ECONOMYNEXT – Sri Lanka’s plan to hike value added tax to 18 percent to help maintain a large public sector and military is a better option that raising income tax which will kill consumption (killing a recovery), kill investment (killing long term growth).
A hike in value added tax still leaves money in the hands of wage earners and others giving them the freedom to make economic decisions and spend.
A 3 percent hike in VAT to 18 percent is less damaging on the people than a 5 percent inflation tax, which the country’s inflationist central bank imposes on the people at a minimum.

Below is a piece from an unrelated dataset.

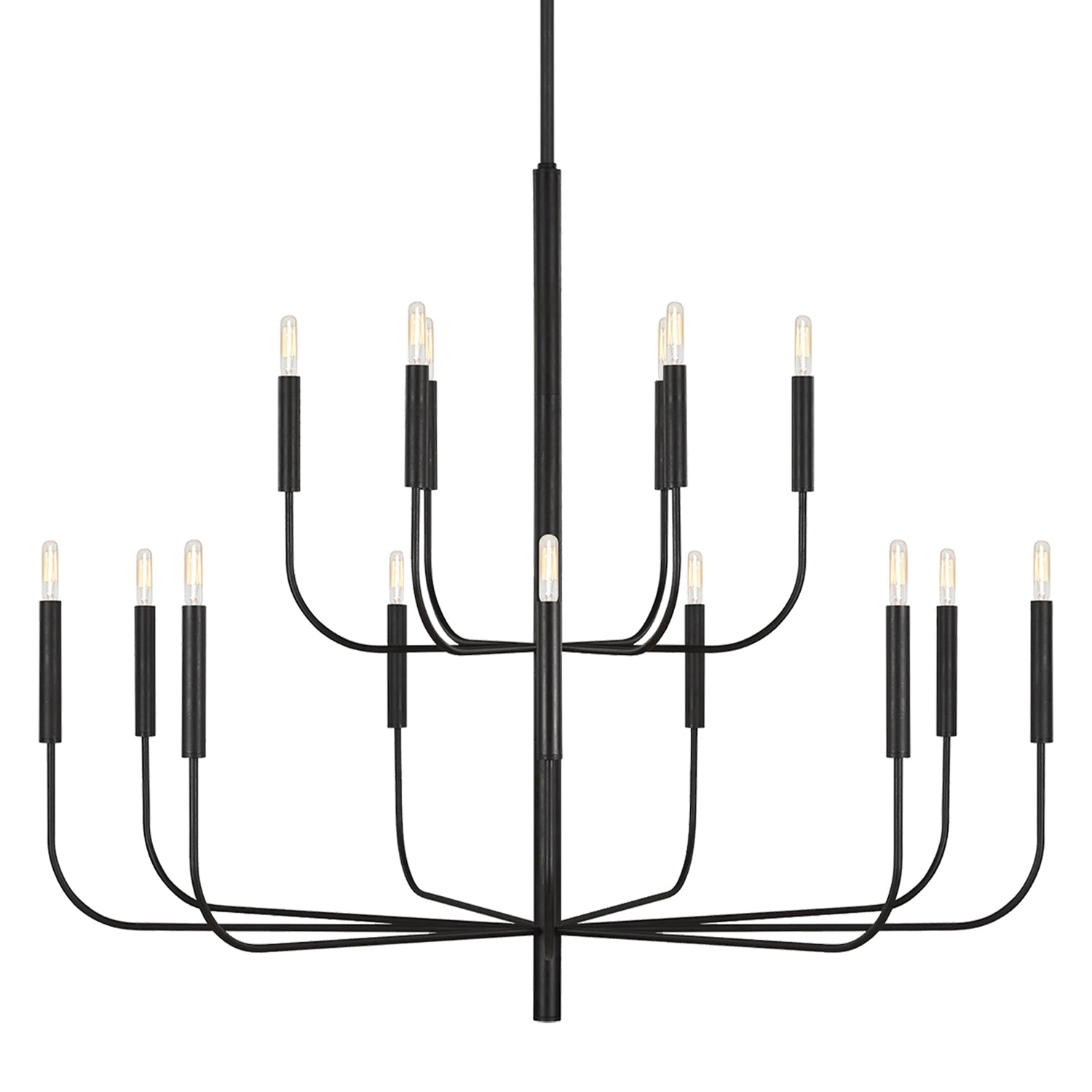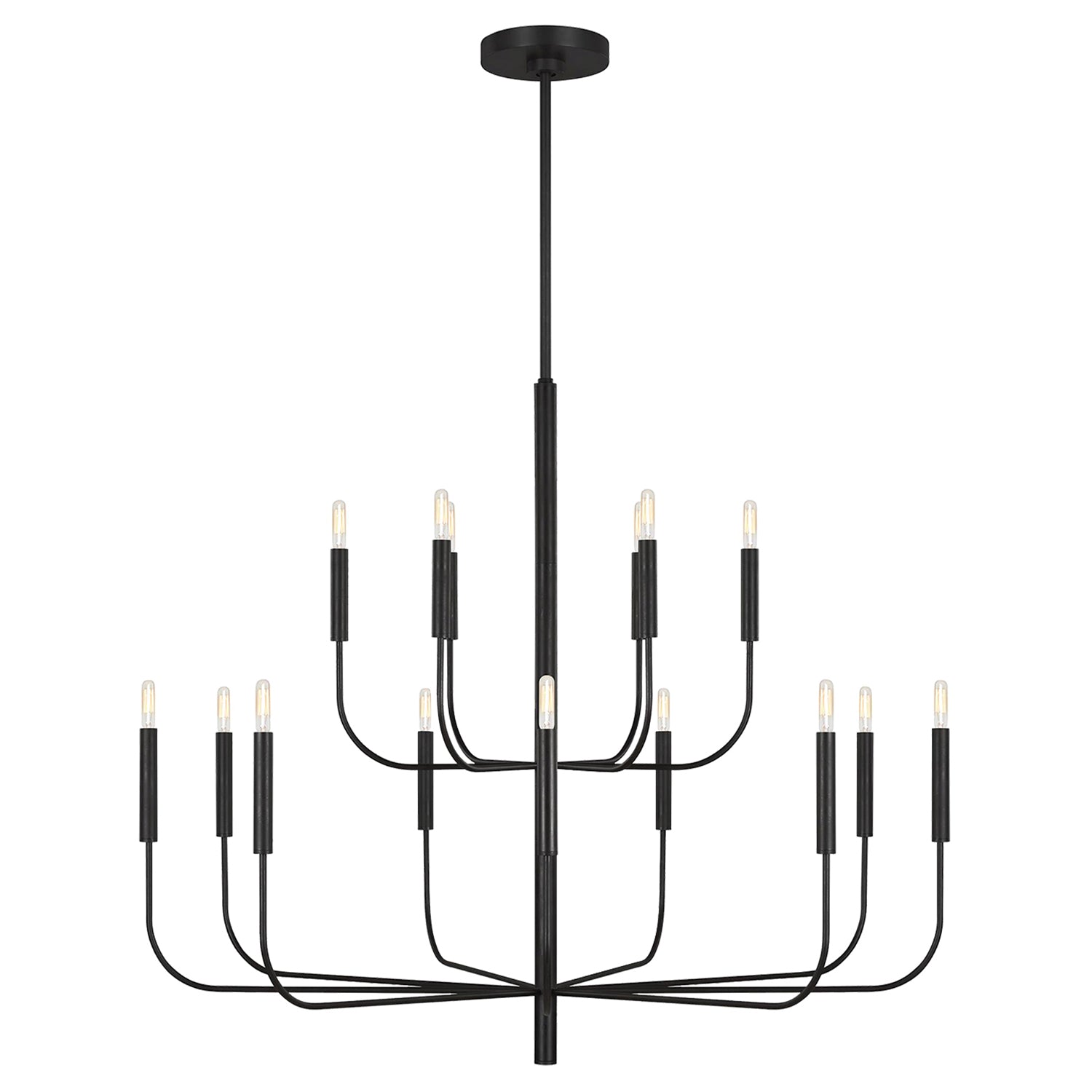 The Thayer 15 Light Two-Tier Chandelier features a dramatic two-tier design that supplies exceptional lighting for your daily needs while adding a layer of style to your home's decor. This grand 49" chandelier showcases graceful, seamless curvature and elongated tubular arms across two tiers that lend fluidity and modern appeal to the classic minimalist silhouette, perfect for great rooms, grand dining rooms, foyers, and areas seeking commanding lighting with contemporary sophistication. The antique iron finish brings rich character while the fifteen-light configuration provides abundant illumination throughout the most expansive spaces. Damp-rated for added versatility, this chandelier delivers both style and functionality for various environments. With its dimmable capabilities and sloped ceiling compatibility, this chandelier transforms any space with distinctive style and performance.

It must be remembered that the central bank’s 5 percent inflation tax or currency depreciation through flexible exchange rate is imposed to on the very poor through higher food prices while foods are exempted from VAT.
Indirect value added taxes are collected after an economic transaction is made. Income and wealth taxes prevent a gainful economic decision from being made.
Value added tax however is somewhat complex for businesses to operate.
Thought retail businesses operate on cash, businesses that operate on credit will have to borrow 18 percent of revenue to pay the tax on the 20th of the next month.
Businesses operating on credit therefore will have to borrow to pay VAT encouraging false accounting or raising costs.
This may not be a problem in countries with legally controlled central banks with tight inflation targets, sound money and low interest rates, but it is problem in flexible inflation targeting countries where inflation and interest rates are high.
Giving Power to Rulers to Decide Through Income Tax
Capital consumption taxes like income taxes and wealth taxes transfers economic decisions to bureaucrats and the political class, and tends to mis-direct the economy.
The US, which is heavily focused on income tax has no VAT and small state level final sales taxes are found.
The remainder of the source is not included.